Up to and including the line holding "for shipment. |", write out the data exactly from its first line, but not the pictures.

#### [INFORMATION PROVIDED]
>>>

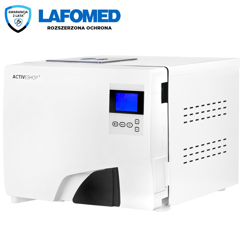 Autoklaw LAFOMED Model LF- 8L-E klasy B (medycznej) jest to urządzenie „Premium” z wbudowaną drukarką termiczną. Autoklaw posiada 8 całkowicie automatycznych programów sterowanych dotykowym panelem z przyjaznym interfejsem w języku Polskim!
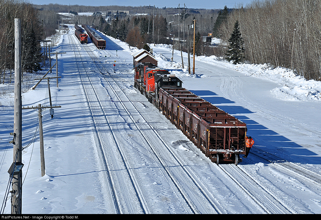 | A loaded taconite train for the Iron Range has to hold back while a switch job moves some bad order set-outs around before coming into the CN Proctor yard. Another string of taconite loads waits to be brought over the scale before coming in. All the pellets will eventually make their way down to the CN ore dock at Duluth, MN for shipment. |
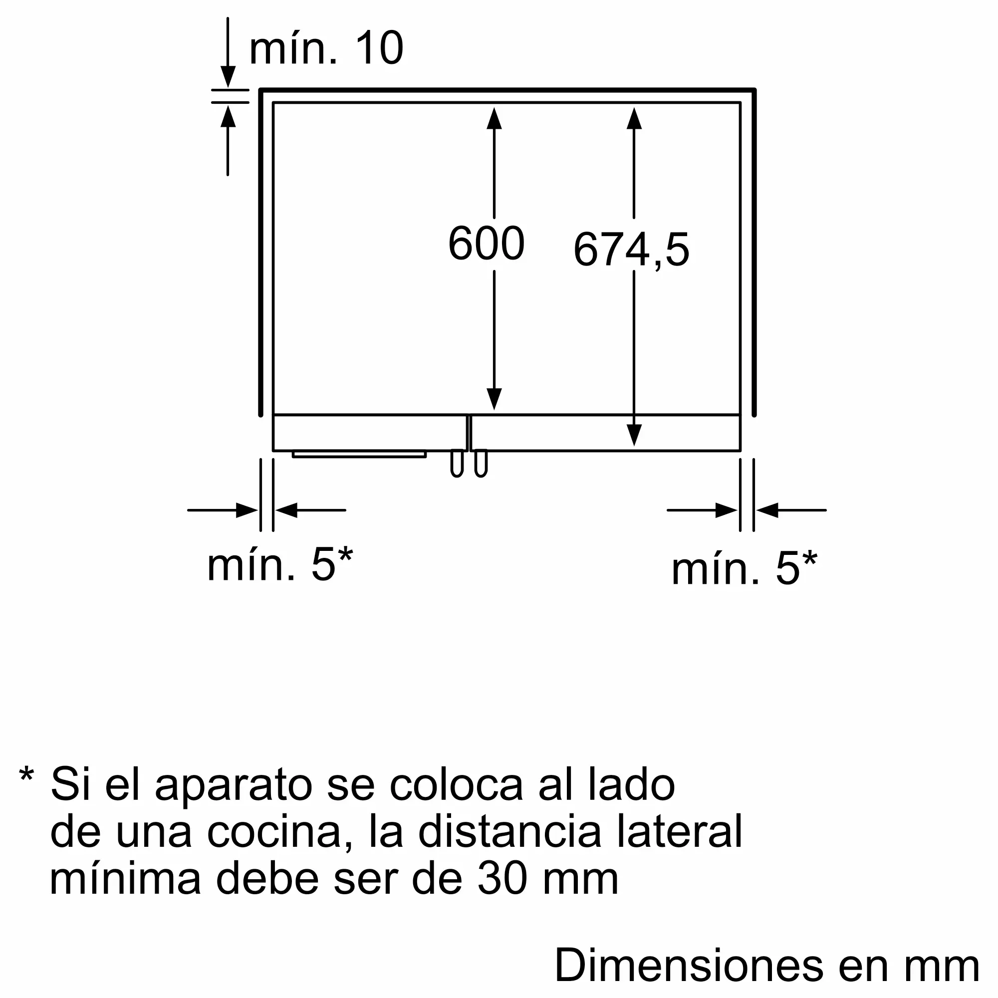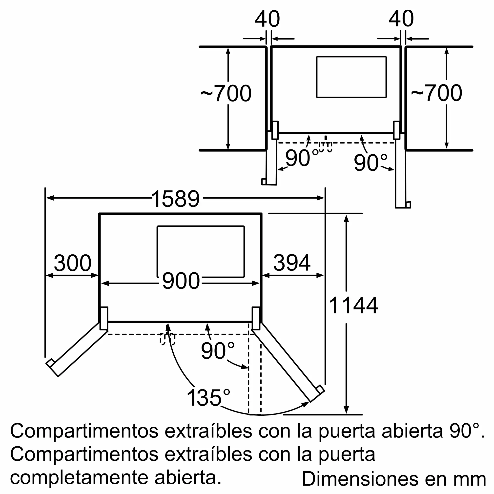 Dimensiones de instalación necesarias (H x W x D)

<<<

#### [COMPLETED TASK]
 Autoklaw LAFOMED Model LF- 8L-E klasy B (medycznej) jest to urządzenie „Premium” z wbudowaną drukarką termiczną. Autoklaw posiada 8 całkowicie automatycznych programów sterowanych dotykowym panelem z przyjaznym interfejsem w języku Polskim!
 | A loaded taconite train for the Iron Range has to hold back while a switch job moves some bad order set-outs around before coming into the CN Proctor yard. Another string of taconite loads waits to be brought over the scale before coming in. All the pellets will eventually make their way down to the CN ore dock at Duluth, MN for shipment. |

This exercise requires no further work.